Fig. 4: Comparison of Site (soil) effects and sources of variability.
figure 4

a Log2FC in the relative abundance of bacterial phyla between soil from the two research sites (ARDEC and Pendleton). The text within each box in the Log2FC with significant (P < 0.05) values in black and non-significant in grey. Positive values are enriched at Pendleton and negative values at ARDEC. b Variability in Log2FC comparing the two soil sites (ARDEC and Pendleton). Variability was calculated at the phylum (left), class (middle), and genus (right) taxonomic levels as the range (i.e. abs (max–min)) in Log2FC values for each of the 13 phyla, 33 classes, and 161 genera with at least one significant difference between the two sites for all combinations of sequence run and library. Lab3 was not included in the analysis as it did not include the Seq and PCR/Seq libraries. Each point is the average Log2FC range with blue bars indicating the 95% confidence interval. Overlapping red arrowed lines indicate non-significant comparisons (P > 0.05) based on repeated measures ANOVA and FDR-adjusted P-values.

Discussion

This study evaluated the reproducibility of a soil community analysis and tested different diagnostics to detect unusual sequence runs.
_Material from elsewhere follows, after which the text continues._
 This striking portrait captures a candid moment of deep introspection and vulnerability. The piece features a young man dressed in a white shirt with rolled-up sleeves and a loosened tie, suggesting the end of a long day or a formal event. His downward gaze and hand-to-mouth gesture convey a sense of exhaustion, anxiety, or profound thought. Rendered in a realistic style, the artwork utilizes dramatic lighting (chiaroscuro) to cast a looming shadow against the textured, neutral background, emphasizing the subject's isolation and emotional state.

Using a standard protocol to negate workflow effects, six laboratories employed varying levels of autonomy in sequence library preparation with three main entry points of error: DNA extraction, PCR amplification, and sequencing. One of the labs (Lab2.a) produced results with very different taxonomic profiles than the others and two labs generated libraries with relatively low (Lab5) or high (Lab3) sequence reads. Although library size and number of quality-filtered reads identified the labs with the outlier sequence reads, neither the library metrics nor the mock community positive control indicated that Lab2.a was aberrant. With this unique dataset, we identified bioinformatic analyses that could be applied as diagnostics for low-quality or aberrant sequence runs. Throughout, we consider a successful sequence run to be one that generates a soil community profile with high similarity between laboratories.
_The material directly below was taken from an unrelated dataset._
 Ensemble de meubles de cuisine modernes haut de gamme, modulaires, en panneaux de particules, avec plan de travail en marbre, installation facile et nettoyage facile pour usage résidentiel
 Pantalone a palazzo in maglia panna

The introduction of bias or variability within most steps of the microbial community sequencing workflow can impact downstream results (e.g. diversity measures) and potentially skew comparative outcomes and interpretations. In using a single protocol to negate workflow bias, we observed that variability increased with increasing laboratory autonomy in which DNA extraction was a greater source of variability than PCR or the individual MinION sequence device and flow cell.

The Oxford Nanopore MinION platform was selected due to long-read capabilities and relative affordability that supported options for in-house sequencing. Low base-calling accuracy has been a concern for MinION sequencing (accuracy estimated near 95% for MinION compared to 99.9% for Illumina MiSeq28) although advancements in accuracy have been made through updated chemistry and flow cells29. Error rates of the flow cell (R.9.4.1) and chemistry (SQK-LSK109) used in this study are benchmarked at 7.16% compared to updated products (R10.4.1 flow cell and SQK-LSK114 chemistry) at 3.16%29. However, as compared to Illumina MiSeq (V3-4 with DADA2), the MinION protocol used in this study (e.g. full-length 16S rRNA, R9.4.1, SQK-LSK109) is reported to achieve greater similarity to the expected community profile of a mock community for both genus (BC similarity 0.859 vs 0.809) and species (BC similarity 0.852 vs 0.809) level analyses30. For comparison, this study demonstrated BC similarities of the mock community to the expected profile of >0.88. Although the R9 flow cells have a higher sequencing error rate than Illumina, this appears to be offset by its ability to generate longer sequence reads resulting in classification rates at least equal to, if not slightly better, than shorter reads on the Illumina MiSeq platform.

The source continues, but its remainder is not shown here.